With this work we can do the computation in C++ during matching and use the result in the rewriting part of the pattern. Effectively this enables a choice in the trade-off of memory consumption during matching vs recomputation of values.
This is an example of a situation where this is useful: We have two operations with certain attributes that have interdependent constraints. For instance attr_foo: one_of [0, 2, 4, 8], attr_bar: one_of [0, 2, 4, 8] and attr_foo == attr_bar. The pattern should only match if all conditions are true. The new operation should be created with a new attribute which is computed from the two matched attributes e.g. attr_baz = attr_foo * attr_bar. For the check we already escape to native C++ and have all values at hand so it makes sense to directly compute the new attribute value as well:
PDLL Constraint checkAndCompute(attr0: Attr, attr1: Attr) -> Attr; Pattern example with benefit(1) { let foo = op<test.foo>() {attr = attr_foo : Attr}; let bar = op<test.bar>(foo) {attr = attr_bar : Attr}; let attr_baz = checkAndCompute(attr_foo, attr_bar); rewrite bar with { let baz = op<test.baz> {attr=attr_baz}; replace bar with baz; }; }
To achieve this the following notable changes were necessary:
PDLL
- Remove check in PDLL parser that prevented native constraints from returning results
PDL
- Change PDL definition of pdl.apply_native_constraint to allow variadic results
PDL_interp
- Change PDL_interp definition of pdl_interp.apply_constraint to allow variadic results
PDLToPDLInterp Pass:
The input to the pass is an arbitrary number of PDL patterns. The pass collects the predicates
that are required to match all of the pdl patterns and establishes an ordering that allows
creation of a single efficient matcher function to match all of them. Values that are matched and
possibly used in the rewriting part of a pattern are represented as positions. This allows fusion
and thus reusing a single position for multiple matching patterns.
Accordingly, we introduce ConstraintPosition, which records the type and index of the result of the constraint.
The problem is for the corresponding value to be used in the rewriting part of a pattern it has
to be an input to the pdl_interp.record_match operation, which is generated early during the pass
such that its surrounding block can be referred to by branching operations. In consequence the value has
to be materialized after the original pdl.apply_native_constraint has been deleted but before
we get the chance to generate the corresponding pdl_interp.apply_constraint operation.

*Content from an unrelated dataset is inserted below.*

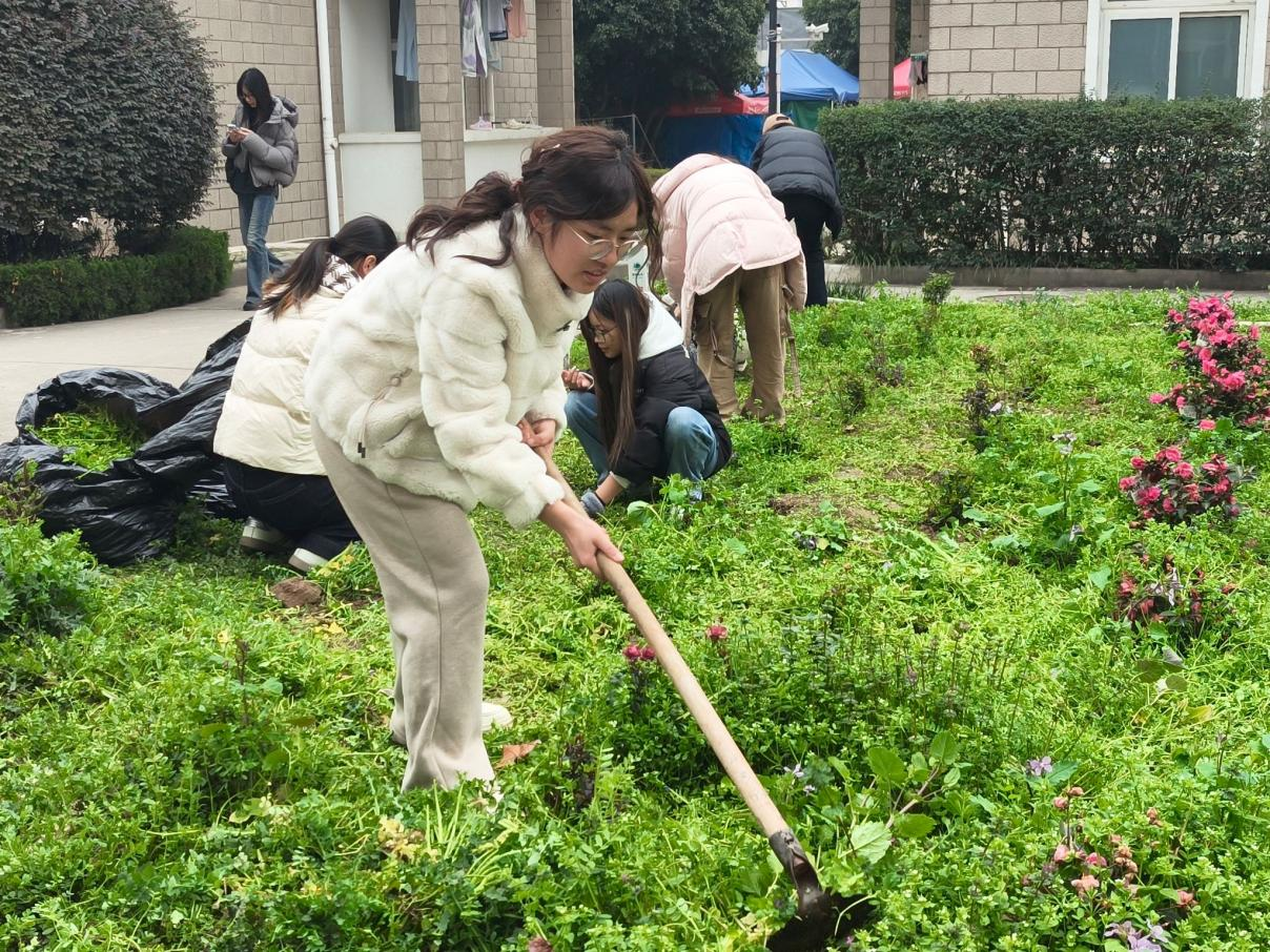 与此同时,志愿者们还开展了花坛种花美化行动,大家松土、栽苗、浇水、培土,动作娴熟又认真,将一株株饱含生机的花苗栽入花坛,用双手为校园与社区添上一抹鲜亮的春色。从楼道清扫的细致入微,到种花护绿的用心付出,每一项行动都彰显着青年学子的责任与担当,志愿者们不怕脏、不怕累,用实际行动诠释着雷锋精神的时代内涵,让奉献之风吹遍校园角落。

We solve this by emitting a placeholder value when a ConstraintPosition is evaluated.
These placeholder values (due to fusion there may be multiple for one constraint result) are
replaced later when the actual pdl_interp.apply_constraint operation is created.
Bytecode generator and interpreter:
Constraint functions which return results have a different type compared to existing constraint functions.
They have the same type as native rewrite functions and hence are registered as rewrite functions.
Other options:
- Have a specific registration bucket for constraints with results
- Change the type for all native constraints to include (possibly empty) results and store all natvie constraints in the same registration bucket. (It is open how this interacts with the convenience PDL Constraint Builders, possibly something for a follow-up PR)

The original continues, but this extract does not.